Ab dem Frühjahr wird es laut Kleine-Tebbe auch erst interessant. „Dann lohnt sich der Blick auf die Tabelle, weil Entscheidungen anstehen", sagt er. Bis dahin will der Trainer mit seinem Team „noch ein paar Plätze nach oben klettern". Entscheidend wird es sein, wie der SCP aus den Startlöchern kommt. „Verl II ist gleich zu Beginn ein ziemlich harter Brocken", blickt Kleine-Tebbe mit gemischten Gefühlen auf den Ligastart. Bei der Regionalliga-Reserve wisse man nie, welche Spieler aufliefen. Sicher nicht auflaufen wird Peckelohs Tim Mannek. Der Angreifer wird nach seinem Fußbruch, den er sich – wie berichtet – beim Haller-Kreisblatt-Cup zuzog, zwischen sechs und zehn Wochen pausieren müssen. Und trotz der schweren Verletzung bleibt das Hallenturnier in positiver Erinnerung. „Der Sieg gibt uns Kraft für die Aufgaben in der Rückrunde", sagt Kleine-Tebbe. Seine Mannschaft müsse den Schwung einfach mitnehmen.

Info

SCP-Statistik

Einsätze: Alban Shabani (16), Alexander Bulanov, Robin Steinkamp, Jonas Weißen (alle 15), Daniel Schnadwinkel (14), Gilles Eloy Berger, Kevin Ikeakhe, Jan Luca Felsmann (alle 13), Dennis Schmidt (12), Chris Timke, Sercan Özdil, Tim Mannek, Marvin Heinsch (alle 11), Wojtek Kosecki, Florian Pixa (beide 10), Baris Orhan (9), Klaus-Julius Schick, Nico Wolter (beide 6), Tom Weber (5), Nico Sandkühler, Yannic Dieckmann (beide 3), Emre Tuncbilek (2).

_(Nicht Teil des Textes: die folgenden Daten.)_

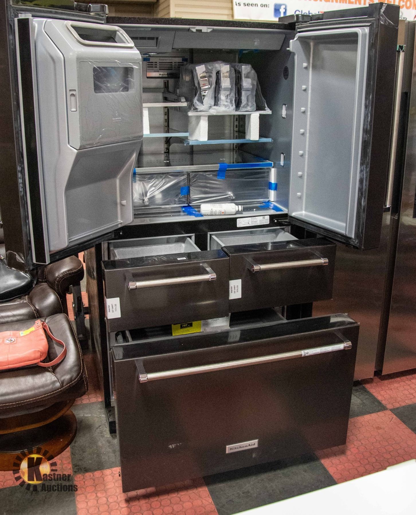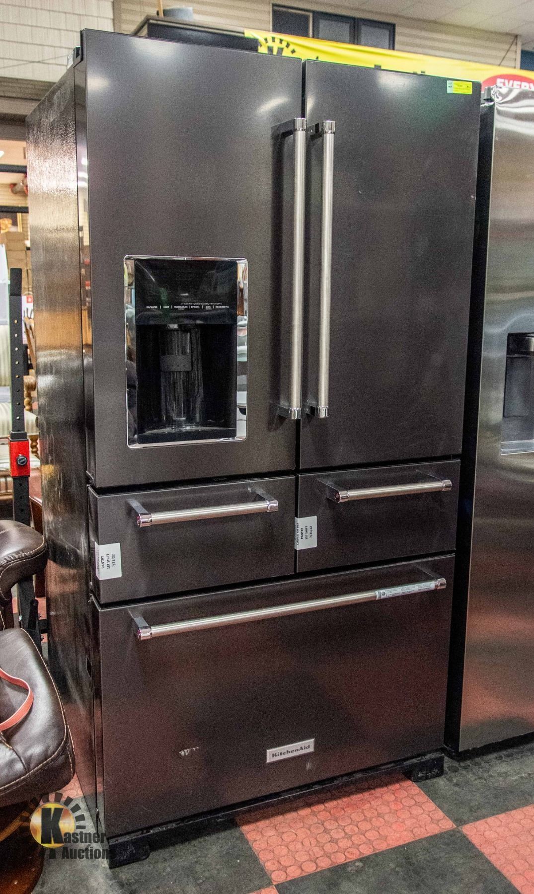 REFRIGERATOR, ICE/WATER DISPENSER, TWO SEPARATE CRISPER DRAWERS. MODEL KRMF706EB505. RETAILS FOR $5,199.00 **ALL ITEMS MUST BE REMOVED BY 5PM SATURDAY, APRIL 29TH 2023. ALL REMAINING ITEMS WILL BE SUBJECT TO A $6.00 PER DAY STORAGE CHARGE. ANY ITEMS REMAINING AFTER MONDAY, MAY 15TH, 2023 WILL BE CONSIDERED FORFEITED. NO REFUNDS WILL BE ISSUED FOR FORFEITED ITEMS. TO SCHEDULE A PICK UP APPOINTMENT CLICK HERE
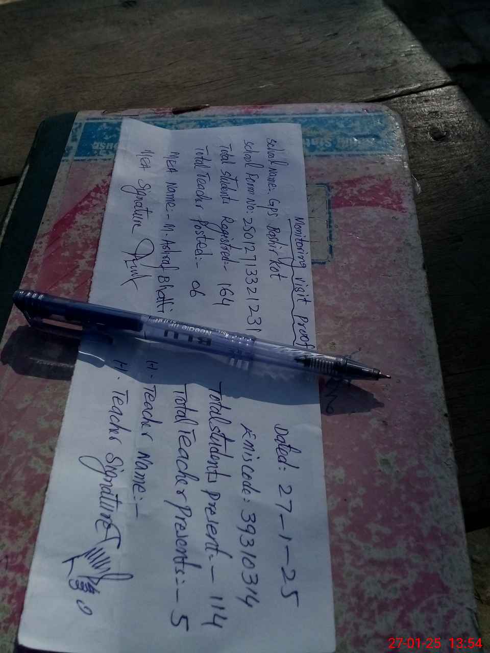 | EMIS Code: 39310314 | Name of School: GPS BASHIR KOT | |||

Tore: Shabani (14), Özdil (5), Mannek (4), Weißen (2), Ikeakhe, Heinsch, Kosecki, Orhan (je 1) plus zwei Eigentore.

SCP-Testspiele

Samstag, 19. Januar: Victoria Clarholz (15 Uhr, Heimspiel).
Sonntag, 20. Januar: Preußen Lengerich (11 Uhr, Heimspiel). 
Samstag, 26. Januar: FC Bad Oeynhausen (15 Uhr, Heimspiel).
Samstag, 2. Februar: Gütersloher TV (Uhrzeit offen, Auswärtsspiel).
Donnerstag, 7. Februar: SW Marienfeld (19 Uhr, Auswärtsspiel). 
Sonntag, 10. Februar: VfL Theesen (Uhrzeit offen, Auswärtsspiel).